**EXCERPTED DATA**
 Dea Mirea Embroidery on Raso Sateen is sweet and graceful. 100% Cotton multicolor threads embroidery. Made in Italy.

==

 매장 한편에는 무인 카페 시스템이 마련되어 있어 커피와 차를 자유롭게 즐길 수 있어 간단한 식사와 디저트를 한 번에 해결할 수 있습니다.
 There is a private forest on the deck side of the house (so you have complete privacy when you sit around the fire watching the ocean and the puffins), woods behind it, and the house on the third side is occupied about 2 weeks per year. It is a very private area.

---

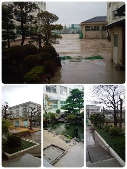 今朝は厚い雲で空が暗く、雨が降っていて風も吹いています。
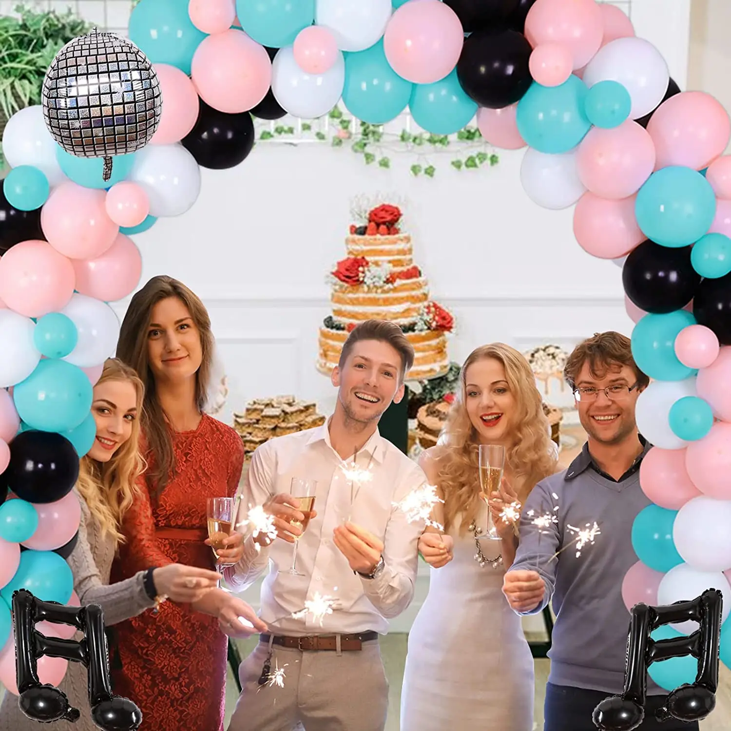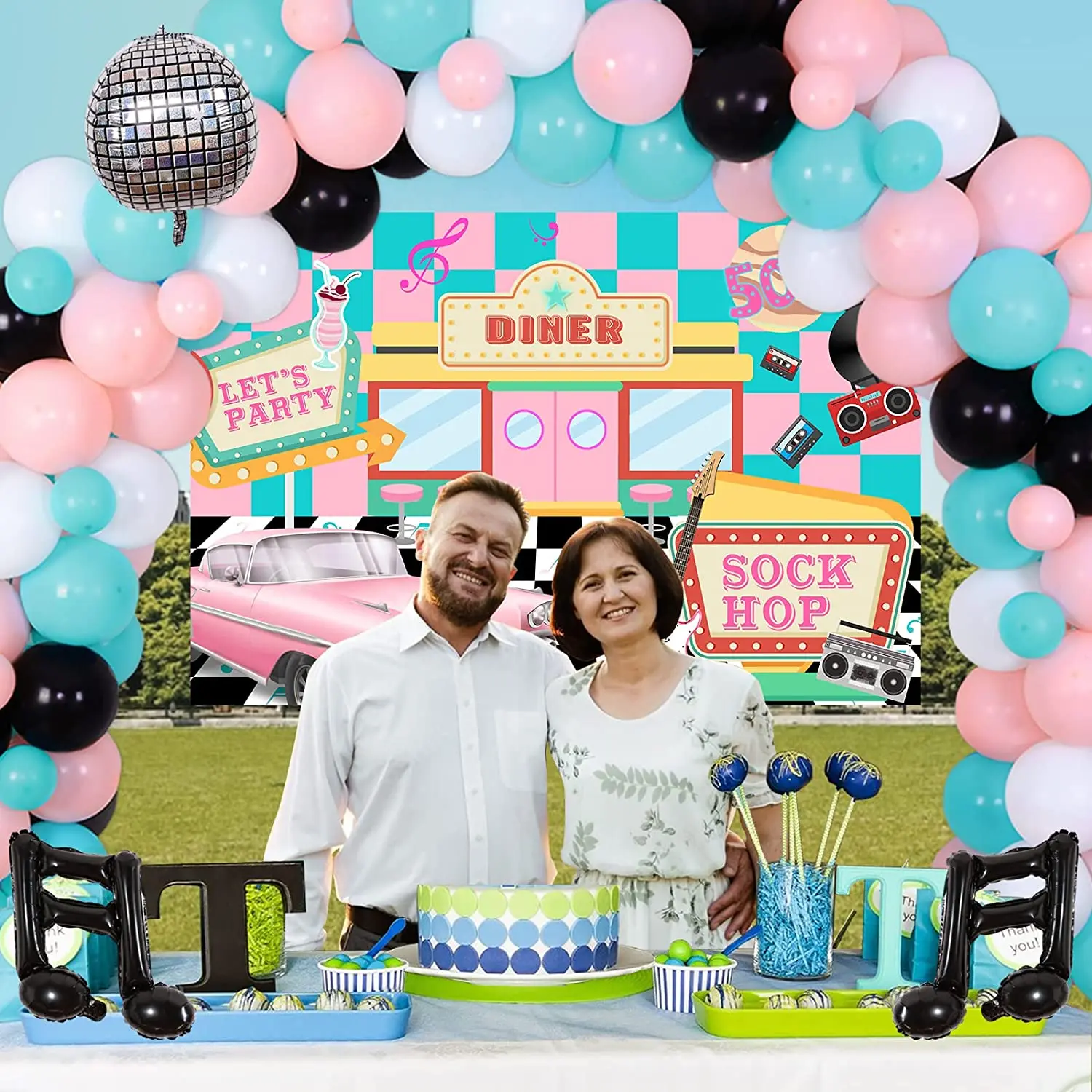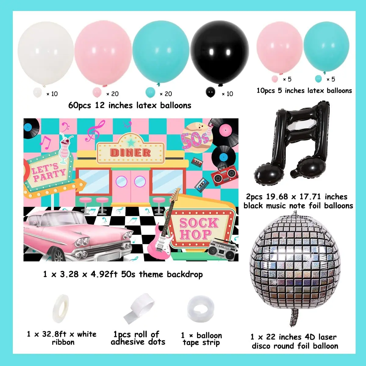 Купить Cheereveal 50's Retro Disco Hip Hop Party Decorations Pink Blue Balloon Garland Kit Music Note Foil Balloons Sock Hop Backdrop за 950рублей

**EXERCISE**
Please copy out from the data above, without any picture, exactly the lines running from the one that holds "今朝は厚い雲で空が暗く、雨が降っていて風も吹いています。" through the one that holds "Купить Cheereveal 50's", and nothing beyond them.

**EXERCISE RESPONSE**
 今朝は厚い雲で空が暗く、雨が降っていて風も吹いています。
 Купить Cheereveal 50's Retro Disco Hip Hop Party Decorations Pink Blue Balloon Garland Kit Music Note Foil Balloons Sock Hop Backdrop за 950рублей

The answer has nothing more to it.